A number of important issues are addressed in the draft code, including:
 
  • Potential conflicts of interest: The draft code expressly confirms that adjudicators are required to avoid any direct or indirect conflict of interest. Rather than seeking to list comprehensively what might constitute a conflict, it provides for extensive disclosure of circumstances that could potentially give rise to one, with a view to allowing parties to assess the risk on a case-by-case basis.
 
  • Repeat appointments: Extensive disclosure is also the code's proposed answer to a related concern regarding adjudicators repeatedly appointed by the same counsel, client or "side" (i.e. investor or state). This approach has been favoured over introducing a fixed cap on the number of repeat appointments that can be taken, which some have argued would unduly constrain parties' abilities to appoint the most appropriate adjudicator for their case. Again, the rationale behind favouring disclosure over a strict limit is said to be the flexibility it would afford parties to assess the merits of challenging an adjudicator in the specific circumstances of their case.
 
  • Double-hatting: The practice of an individual acting as an adjudicator in one case while simultaneously acting as counsel or an expert witness in another is commonly known as "double‑hatting". The practice has led to concerns regarding adjudicator impartiality (e.g., if the determination of a certain issue in the adjudicated decision might affect the outcome of the case in which the adjudicator acts as counsel).

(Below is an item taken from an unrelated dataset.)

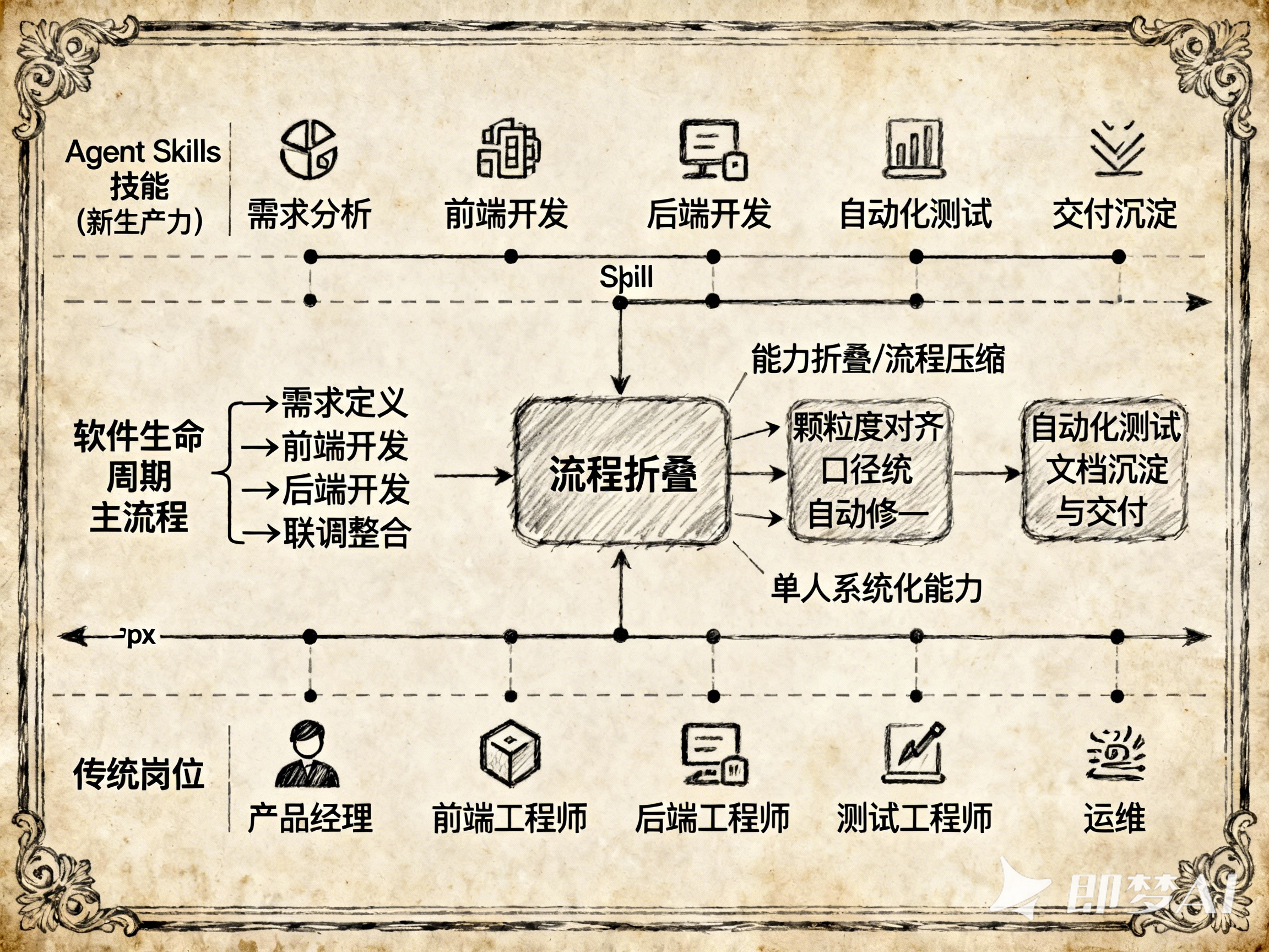 以前一个像样的项目,产品写需求、开发写代码、测试测功能,来回对齐几轮,少说也得几天起步。现在用一组 Agent Skill,从需求拆解到前后端开发,再到全量测试,基本都能自己跑完,一个人就能把一条完整链路拉起来。

However, this is not a straightforward issue to regulate: difficult questions remain as to precisely which overlapping roles are problematic (e.g., should only cases under the same investment treaty be caught, or any ISDS proceedings?) and whether acceptance of such roles should be banned outright (which arguably could significantly narrow the field of potential candidates, since many practitioners, particularly at earlier stages of their careers, will be unable or willing to forego counsel work completely in favour of arbitral appointments) or merely mandatorily disclosable. Currently, the draft leaves open a range of approaches for consideration, and this will no doubt be a topic of debate before the code is finalised.
 
  • Availability and diligence: On a more practical level, the draft code deals with the need for adjudicators to have sufficient availability to hear the case in question, and requires them to act at all times with "diligence, civility and efficiency". It expressly provides that adjudicators must not delegate their decision‑making function, which is "at the core of the role and must be exercised by the individual selected". The drafters also float the idea of including a cap on the number of pending ISDS proceedings that an adjudicator may serve on at once, to address concerns that, if adjudicators have taken on a large number of cases, they may be unable to dedicate sufficient time to each. For now, however, the cap remains a placeholder and the commentary to the draft article correctly acknowledges that "introducing a specific number would be controversial".
While some way remains to go before an agreed position is reached on these and other difficult policy questions regarding adjudicator conduct, the draft code represents an important step in that direction.
In a field that is, by its nature, used by participants from a range of legal and commercial backgrounds globally, greater clarity and uniformity as to the standards to be expected of adjudicators will no doubt be welcomed by potential users of ISDS. Practitioners in this area will continue to monitor these developments.